И всё из-за туристов. Город-то старинный. В летописях упоминают о нём с двенадцатого века, но эти места были обитаемыми ещё раньше. У нас целая куча старинных церквей, монастыри и даже Кремль свой есть. Правда, разрушенный. Ещё катакомбы. Но я в них не бывал, только слышал, что они существуют.

Ну вот. Чтобы денег было побольше, мама устроилась сразу на две работы. Смены — сутки через трое. Так она сутки отработает, следующий день спит, а потом на вторую работу выходит.

Понятно, что дома или спит, или тупит. Натуральный зомби. У нас в городе многие люди верят во всякую чертовщину. Типа призраков и полтергейстов. Но я никаких призраков, кроме мамы, не видел.

Правда, в этом году она, наконец, устроилась в нормальное место — начальником охраны в администрацию города. Вроде стало полегче, но всё равно домой приходит только к восьми вечера, и выходных всего два.

Поэтому, когда она просила что-нибудь приготовить, да ещё хвалила, какой я молодец, я всегда считал, что она просто подлизывается. Потому что мне моя стряпня не нравилась.
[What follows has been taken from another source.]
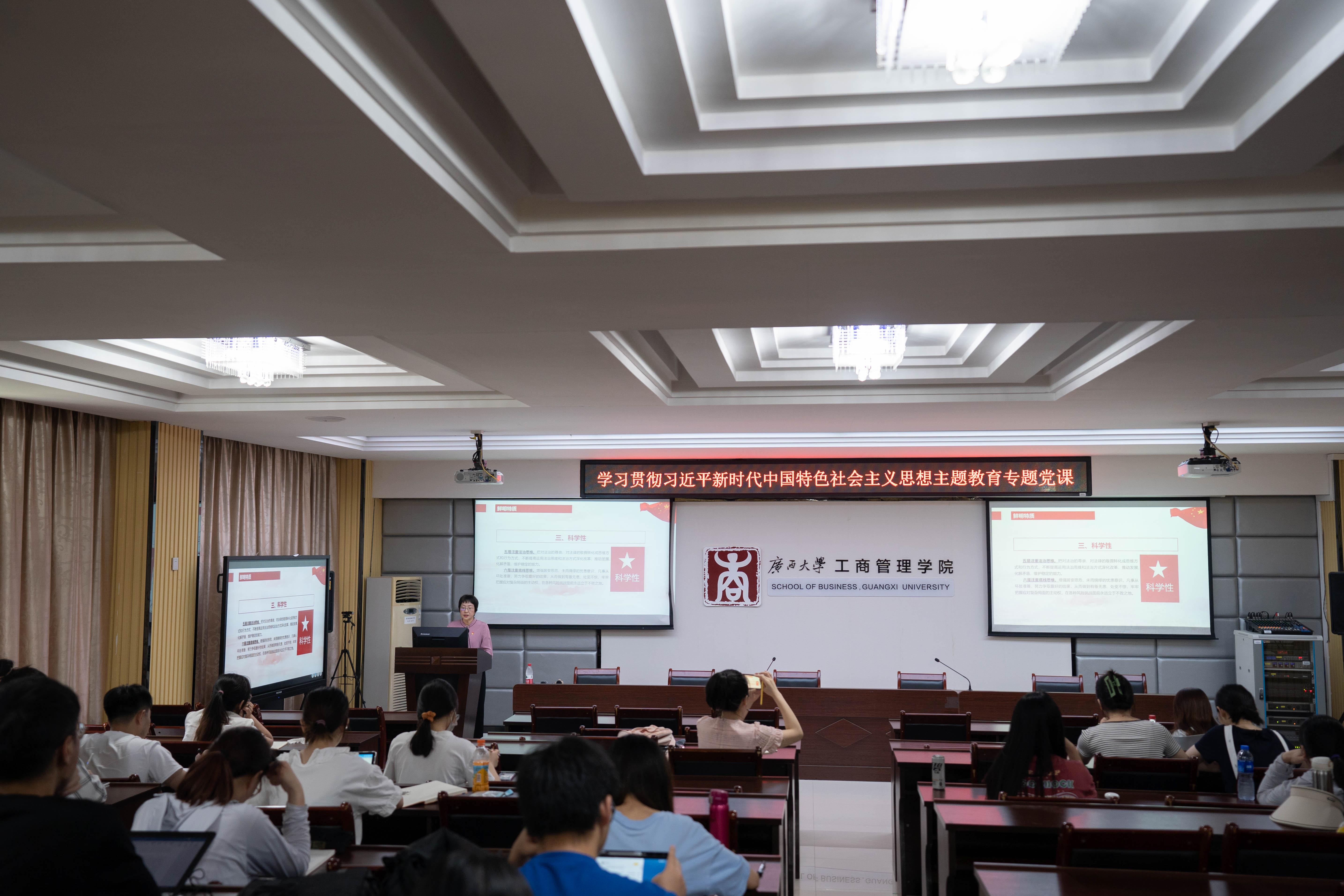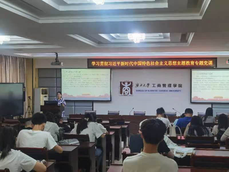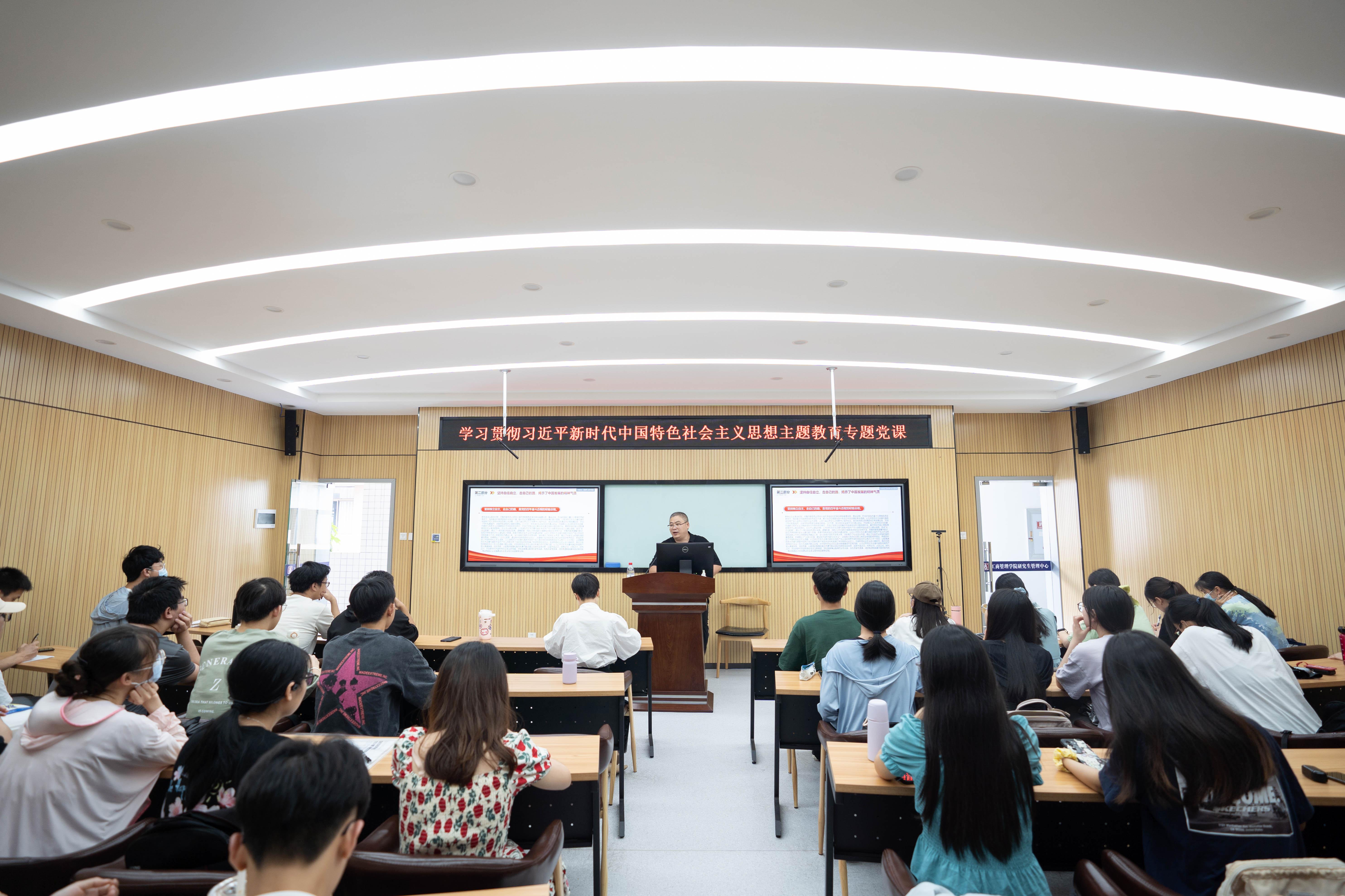 学院副院长廖东红以《学习贯彻习近平新时代中国特色社会主义思想》为题,在学院124报告厅为研究生第一党支部和本科生第四党支部讲授专题党课,她就习近平新时代中国特色社会主义思想主题教育概述、主要内容以及鲜明特质进行了阐述。她号召大家以主题教育为契机,深入学习贯彻党的二十大精神,努力把学院建成“区域有品牌,国内有特色,国际有影响”的新时代高水平万象城体育awcsport。

Сам я свои кулинарные таланты всегда оценивал трезво. Да, я прекрасно видел, как ей тяжело. Поэтому помогал. Но и погулять хотелось. Из-за этого каша часто горела, а макароны разваривались. Ясное дело, что когда мама заявляла, что это вкусно, я только глаза закатывал к потолку.

Это в десять лет. Тогда у меня ещё были друзья. Потом «друзья» отвалились, и я уже никуда не спешил. Но готовить так и не полюбил. Сколько себя помню, варю борщ, а сам думаю:

«Чтобы вы все до отвала наелись и затихли наконец! Дайте мне хотя бы книжку спокойно почитать!»

Или ещё:

«Что же вам такого приготовить, чтобы вам это ужасно понравилось, но вы не съедали всю кастрюлю целиком, а растягивали надолго?»

Разные мысли, на самом деле, в голову лезли. Иногда и хорошие даже. Но вот сейчас думаю и понимаю: многое сбывалось. Просто я никогда ничего особенного не просил, поэтому и не обращал внимания на эти совпадения.

Один случай, правда, запомнился. Как-то раз Олька выпросила личный торт на день рождения. Чтобы в школу его отнести. Обычно-то я один на двоих делал, а тут она начала подлизываться:

— Ну братик, ну, пожалуйста!

Говорит, а сама ресницами хлопает. Кокетничает. Ей тогда девять лет было всего, а уже научилась откуда-то. Так смешно стало, что я согласился. Торты мне всегда интереснее было делать, чем обычную еду. Потому что сложно. Важно ведь не только ингредиенты правильно подобрать, смешать, испечь. Но и собрать, и украсить. Настоящий конструктор. Задача!

Поэтому я делал этот торт с большим удовольствием, да ещё и воображал, как мальчишки, которых Олька угощает, объясняются ей в любви.

Так и случилось в итоге. Ух она и визжала от восторга! Пять человек, сказала, один за другим подарили ей цветы и назвали красивой. Даже подрались из-за неё.

Но и этот случай не заставил меня обратить внимание на все эти совпадения. Только вчерашнее происшествие заставило задуматься.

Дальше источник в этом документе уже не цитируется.